#### Task item
Reproduce the whole listing exactly and let no picture into the copy.

#### Exercise data
* * *
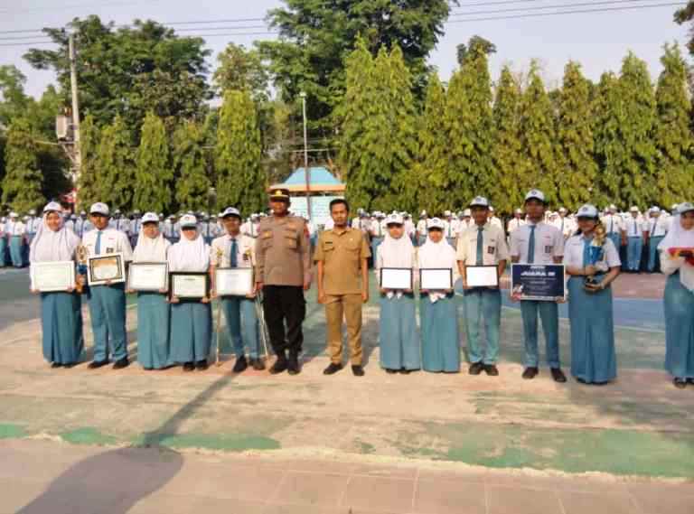 KBO Satbinmas Polres Nganjuk Ipda Dwi Purnomo mewakili Kapolres Nganjuk AKBP Henri Noveri Santoso SH SIK MM bersama siswa dan pengajar SMA Negeri 2 Nganjuk. -Supriyanto/Iskandar Zulkarnain-
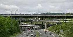 To the west, the M25 passes close to the edge of Heathrow Airport, and within sight of Windsor Castle.[15] North of this, it goes under the Chalfont Viaduct railway bridge, completed in 1906, which carries the Chiltern Main Line. Red kites can often be seen overhead to the north of this, up to junction 21. The northern section of the M25 passes close to All Saints Pastoral Centre near London Colney, Waltham Abbey and Copped Hall.[12][13] This section also features two cut-and-cover tunnels, including the Bell Common Tunnel.[13] The north-eastern section of the motorway passes close to North Ockendon, the only settlement of Greater London situated outside the M25.[16] It then runs close to the Rainham Marshes Nature Reserve before reaching the northern end of the Dartford Crossing.[12]
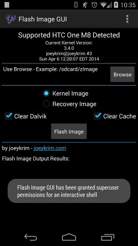 This app allows the flashing of kernels and custom recovery images in normal android mode!
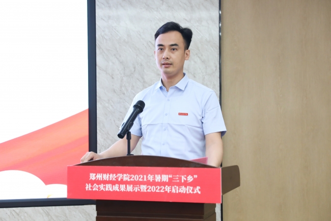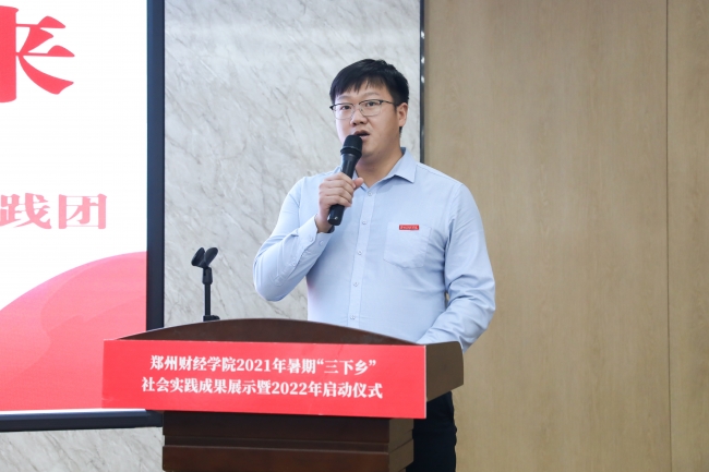 2022年暑期社会实践指导教师代表会计学院程亚薇老师,向同学们强调了社会实践活动的重要性,并阐释了暑期社会实践的真正意义,分享了暑期实践团队为助力乡村振兴发展作出的努力,以及他们在实践中不断总结经验,推陈出新,奋力前行的成长经历。
* * *
#### Answer section
 KBO Satbinmas Polres Nganjuk Ipda Dwi Purnomo mewakili Kapolres Nganjuk AKBP Henri Noveri Santoso SH SIK MM bersama siswa dan pengajar SMA Negeri 2 Nganjuk. -Supriyanto/Iskandar Zulkarnain-
 To the west, the M25 passes close to the edge of Heathrow Airport, and within sight of Windsor Castle.[15] North of this, it goes under the Chalfont Viaduct railway bridge, completed in 1906, which carries the Chiltern Main Line. Red kites can often be seen overhead to the north of this, up to junction 21. The northern section of the M25 passes close to All Saints Pastoral Centre near London Colney, Waltham Abbey and Copped Hall.[12][13] This section also features two cut-and-cover tunnels, including the Bell Common Tunnel.[13] The north-eastern section of the motorway passes close to North Ockendon, the only settlement of Greater London situated outside the M25.[16] It then runs close to the Rainham Marshes Nature Reserve before reaching the northern end of the Dartford Crossing.[12]
 This app allows the flashing of kernels and custom recovery images in normal android mode!
 2022年暑期社会实践指导教师代表会计学院程亚薇老师,向同学们强调了社会实践活动的重要性,并阐释了暑期社会实践的真正意义,分享了暑期实践团队为助力乡村振兴发展作出的努力,以及他们在实践中不断总结经验,推陈出新,奋力前行的成长经历。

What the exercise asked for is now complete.